I use a pseudospectral DNS code for fluid simulations (a code I inherited) and I’m trying to boost performance by replacing the old FFT routines with equivalent FFTW routines. I have done this successfully in that I am getting the correct answers in my test cases, but I feel like I’m doing some things inefficiently, and I would appreciate tips on specific things that might improve my code. I will show a sample code snippet of the FFT routines and then ask specific questions based on what I’ve observed so far.
Sample Code:
! Complex array u of size (nyp,nz,nx/2) is stored in us and normalized before transform
! mx = (3/2)nx, mz = (3/2)nz for de-aliasing
...
complex(C_DOUBLE_COMPLEX),dimension(nyp,mz,mx) :: us,aspec
real(C_DOUBLE),dimension(nyp,mz,mx) :: up,aphys
...
! Plan FFTW transforms with dummy variables
planZb = fftw_plan_dft_1d(mz,aspec,aspec,FFTW_BACKWARD,FFTW_PATIENT)
planXb = fftw_plan_dft_c2r_1d(mx,aspec,aphys,FFTW_PATIENT)

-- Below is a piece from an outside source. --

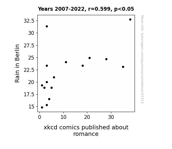 This means 35.9% of the change in the one variable (i.e., xkcd comics published about romance) is predictable based on the change in the other (i.e., Rain in Berlin) over the 16 years from 2007 through 2022.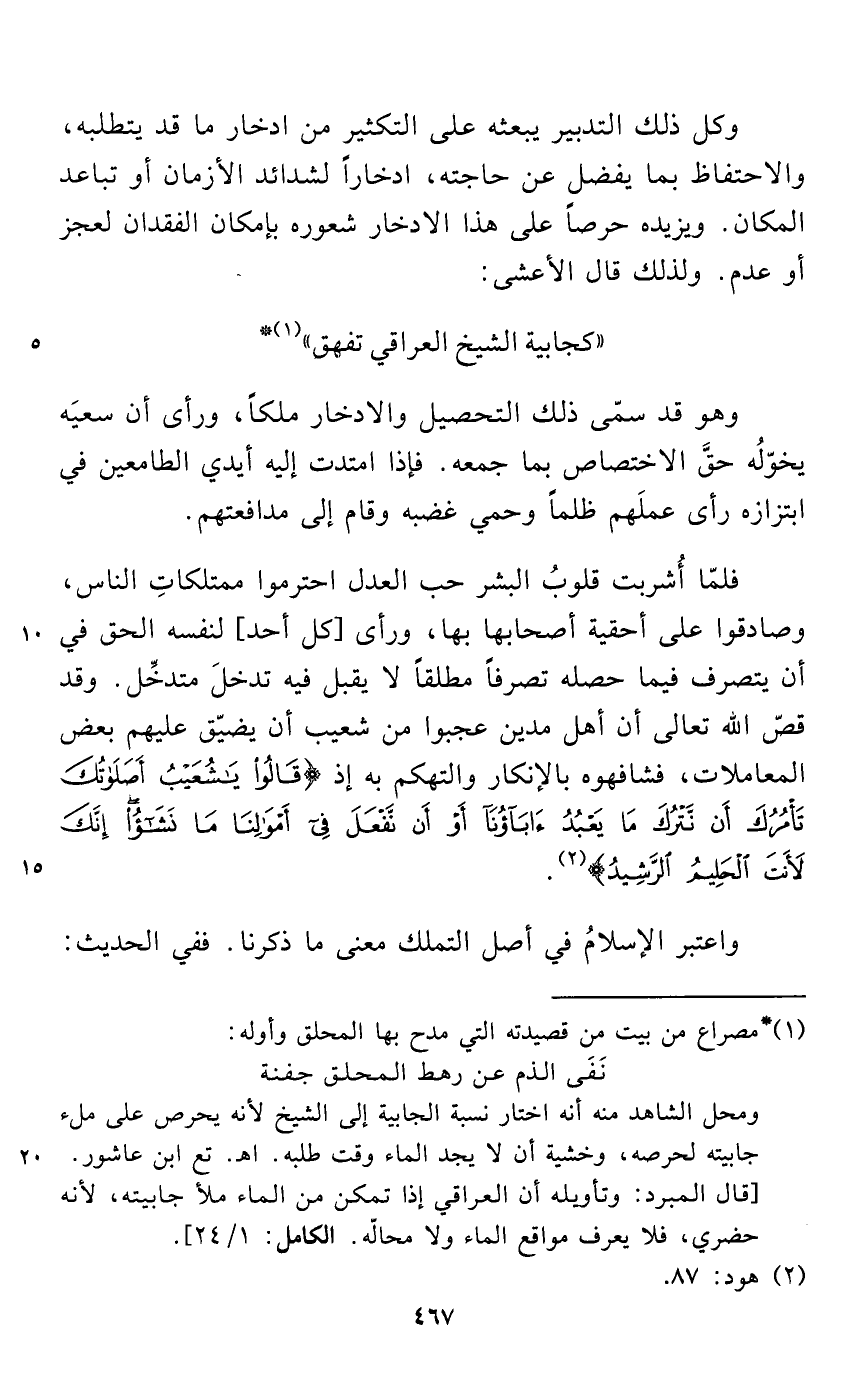 فلمّا أُشربت قلوبُ البشر حب العدل احترموا ممتلكاتِ الناس، وصادقوا على أحقية أصحابها بها، ورأى [كل أحد] لنفسه الحق في أن يتصرف فيما حصله تصرفاً مطلقاً لا يقبل فيه تدخلَ متدخَّل. وقد قصّ الله تعالى أن أهل مدين عجبوا من شعيب أن يضيّق عليهم بعض المعاملات، فشافهوه بالإنكار والتهكم به إذ {قَالُوا يَاشُعَيْبُ أَصَلَاتُكَ تَأْمُرُكَ أَنْ نَتْرُكَ مَا يَعْبُدُ آبَاؤُنَا أَوْ أَنْ نَفْعَلَ فِي أَمْوَالِنَا مَا نَشَاءُ إِنَّكَ لَأَنْتَ الْحَلِيمُ الرَّشِيدُ} (¬2).

planY = fftw_plan_r2r_1d(nyp,aphys,aphys,FFTW_REDFT00,FFTW_PATIENT)
...
! Complex --> Complex z-transform
do k = 1,nxh
do i = 1,nyp
call fftw_execute_dft(planZb,us(i,:,k),us(i,:,k))
.
.
.
end do
end do
! Complex --> Real x-transform
do j = 1,mz
do i = 1,nyp
call fftw_execute_dft_c2r(planXb,us(i,j,:),up(i,j,:))
.
.
.
end do
end do
! Real --> Real y-transform (DCT-I)
do k = 1,mx
do j = 1,mz
call fftw_execute_r2r(planY,up(:,j,k),up(:,j,k))
.
.
.
end do
end do
! Do stuff here
! Inverse transforms here, reverse process above + normalizations
Notes/Questions:
-
I use OpenMP threading and a few compiler optimizations, not shown here. It does speed up performance quite a bit, but I want to focus on how I’m using FFTW and arranging my data to improve performance
-
In the full version of the code, I’m doing each transform on 58 different variables of identical size to
u
/us
/up
. Reading the FFTW documentation, they recommend making a plan for each variable you do a transform on since subsequent plans are cheap to compute, but is that really useful for such a large number of variables? (Also the inverse transforms are on different variables) -
I have tried using
fftw_plan_many_dft...
for the transforms instead of using loops like I show above. However, this requires me to shuffle the data such that the transform direction index (x, y, or z) is first, and simple tests I’ve done prove this method to be much slower, especially as the grid size increases. Is there an efficient way to do this using FFTW’s rank 0 transforms? -
I do sequential 1D transforms in the x- and z- directions, but I can also do this as a single 2D transform. However, in a test code, I found that the 2D transform was comparable in compute time, even slightly slower. Is this expected, or would that warrant further investigation to get better performance from the 2D transform?
Thanks!